Thursday, June 2, 2011

A quick review of SolidQ's latest e-book, on Data Quality and Master Data Management

The folks at SolidQ are providing a free e-book:

Data Quality and Master Data Management with Microsoft SQL Server 2008 R2
Dejan Sarka, Davide Mauri

I had a look through the book and I'm providing this tiny synopsis/review. The book can be found here.

Other than marketing blurbs, I haven't really been exposed to MDM until I read the book. So, I am starting more-or-less from scratch.

Chapter 1, "Master Data Management" seems to be a decent primer. It presents a background on relational and dimensional models, and where they and MDM fits in the universe.

Chapter 2, "Master Data Services Concepts and Architecture", discusses MDS in detail. I think that this gave me a good feel for how MDS is supposed to work.

Nonetheless, I think that most of that could be gleaned from other sources. The hidden gems here are in the second half of the book, which is comprised of chapters 3 and 4, "Data Quality and SQL Server 2008 R2 Tools" and "Identity Mapping and De-duplicating", respectively. These chapters are dense with information and technique-heavy, discussing various algorithms. T-SQL, CLR and SSIS tactics to find and quantify data quality issues are presented. The math and queries can become fairly complex, and the authors state that the book is not for newbies. but I think that they are eye-opening with respect to what can be done.

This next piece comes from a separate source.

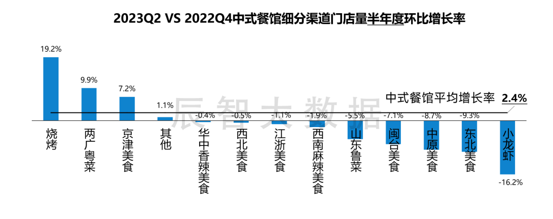 淄博烧烤有多风靡呢?我们去看背后的数据,今年整个中式正餐平均增长率只有2.4%,但是烧烤接近20%,淄博烧烤带动整个烧烤品类实现了20%的增长。所以一个区域性的、现象级的品类,我们说它炒作可能不太恰当,但它就是一个地方性美食获得认可的过程,真正推动了整个品类的增长。
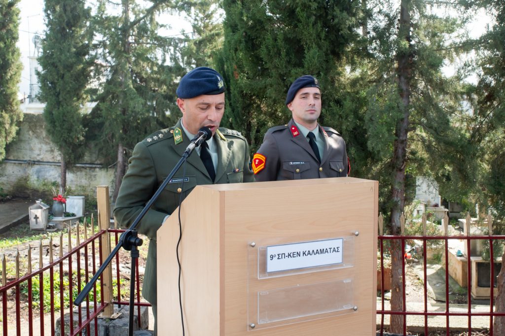 Στον Ιερό Ναό Κοιμήσεως της Θεοτόκου, του Δημοτικού Κοιμητηρίου Καλαμάτας, τελέσθηκε το πρωί του Ψυχοσαββάτου, 14 Φεβρουαρίου ε.έ., το καθιερωμένο Μνημόσυνο των πεσόντων Μεσσηνίων Αξιωματικών, Υπαξιωματικών και Οπλιτών, του 9ου Σ.Π., το οποίο επιμελείται η Διοίκηση του Στρατοπέδου Καλαμάτας.

My biggest complaints are:
I wanted more depth on integrating MDS into new and existing LOB applications, particularly with identity mapping between the MDS and (possibly a multitude) of LOB applications. If I have two LOB applications, each with their own surrogate key for customer data, how do I manage keeping everything updated?

I would  like to see more information on updating information that is in the MDS. For example, when a client changes addresses, do I have to manually go in and tweak things through the MDS web interface? Do I have to go through the whole import process again? What if I have 40 million customers and I get thousands of changes a day? Is there a programmatic interface for doing this? Is there some way to replicate changes back to LOB apps? Do I remove the customer-address-update page from my LOB apps and rely entirely on MDS? How would CSRs submit change to this address data?

Another thing that I am not 100% clear on is what attributes belong in the MDS and what do not. Obviously, a customer's address does belong in the MDS but something like a customer account balance  would not. If we are talking about products, then inventory levels do not belong in the MDS, but what about something like shelf location in a warehouse? Do parts lists make for good hierarchies? Etc. I presume that there even finer shades of grey than the rough examples I am giving here.

Generally, I think that the books is definitely worth reading (at twice the price!) for anyone who is working with MDS or who has a data cleansing project of any kind in front of them.